Rusk Media is a mobile-first digital entertainment company that creates, distributes, and monetizes shows built for Gen Z and younger millennial audiences. The latest Rusk Media funding update is a ₹100 crore pre-Series C round led by Nazara Technologies, with InfoEdge Ventures, IvyCap Ventures, and a consortium led by Audacity VC joining in. Young viewers don’t consume entertainment the way legacy TV — or even broad, catch-all OTT catalogs — were built to serve them. Founded in 2019 by Mayank Yadav, Shantanu Singh, and Karanvir Sofat, Rusk has spent the past few years trying to turn that gap into a repeatable IP business.
The headline isn’t just the cheque size. It’s what the company wants to do with it: push its biggest franchises into new languages and overseas markets. It also wants to put more weight behind Alright! TV, launch new sports and audio-first formats for Gen Z and Gen Alpha, and build proprietary AI production tools that could cut costs and speed up release cycles. Nazara and Audacity will also take board seats. This wasn’t a passive bet.
What is Rusk Media and how does it work?
Rusk Media works like a full-stack entertainment studio for the phone screen. It develops original fiction and unscripted shows. It also makes animation, vertical dramas, and live formats, then distributes them across social platforms, OTT partners, and its own app instead of depending on a single outlet. That matters because it gives the company multiple shots at monetization — ad sales, brand integrations, platform licensing, and direct audience ownership through Alright! TV.
Its operating model is broader than a normal YouTube-first content shop. Rusk runs a studio arm for franchise IP and a digital network that includes Alright! and other youth-focused brands. It also runs an ads business that sells content-led campaigns to marketers. On the company side, that means one team can create a show. Another can amplify distribution, while a third can package commercial inventory around it. It’s not elegant on paper. But it’s practical.
Alright! TV is the clearest direct-to-consumer piece in the stack. The app is built around daily drama and scripted entertainment, and it has crossed 500K+ downloads on Google Play. Outside the app, the broader Alright! digital network has 50M+ monthly viewers in India, while Rusk overall has entertained 100M+ people globally. That gives the company a useful ladder: discover on social, binge on OTT, and retain on owned surfaces.
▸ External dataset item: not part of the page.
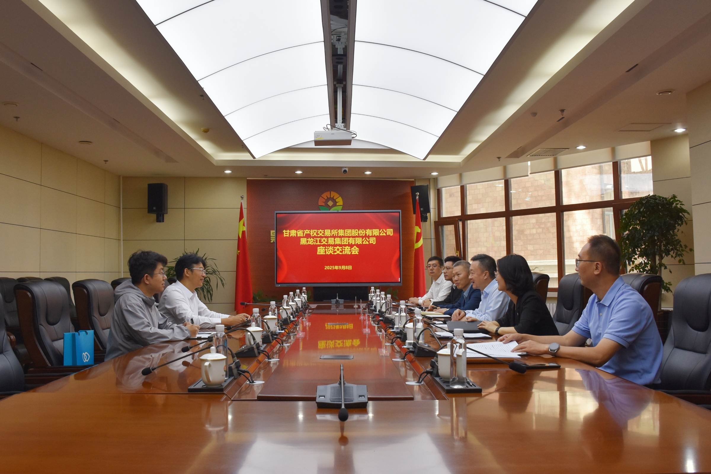 新聞中心 > 集團要聞9月8日,甘肅省產(chǎn)權(quán)交易所集團黨委副書記、總經(jīng)理趙永濤一行到黑龍江交易集團進行座談交流,黑龍江交易集團黨委書記、董事長夏明禹與來訪客人進行座談。黑龍江交易集團黨委副書記、副董事長、總經(jīng)理王志昕,副總經(jīng)理單勇,集團有關(guān)部門及權(quán)屬企業(yè)相關(guān)同志參加座談。雙方圍繞企業(yè)戰(zhàn)略布局、創(chuàng)新業(yè)務(wù)發(fā)展等重點工作,及新興業(yè)務(wù)領(lǐng)域創(chuàng)新實踐典型案例開展深入交流研討。

Rusk isn’t starting from zero on programming. Its site lists franchise titles across scripted and unscripted categories, including Playground with 25M+ viewers, Battleground with 20M+ viewers, Engaged with 5M+ viewers, and School Friends with 5M+ viewers. So when management talks about dubbing hits and taking them abroad, it’s talking about existing IP that has already found an audience. Not just ideas sitting in a deck.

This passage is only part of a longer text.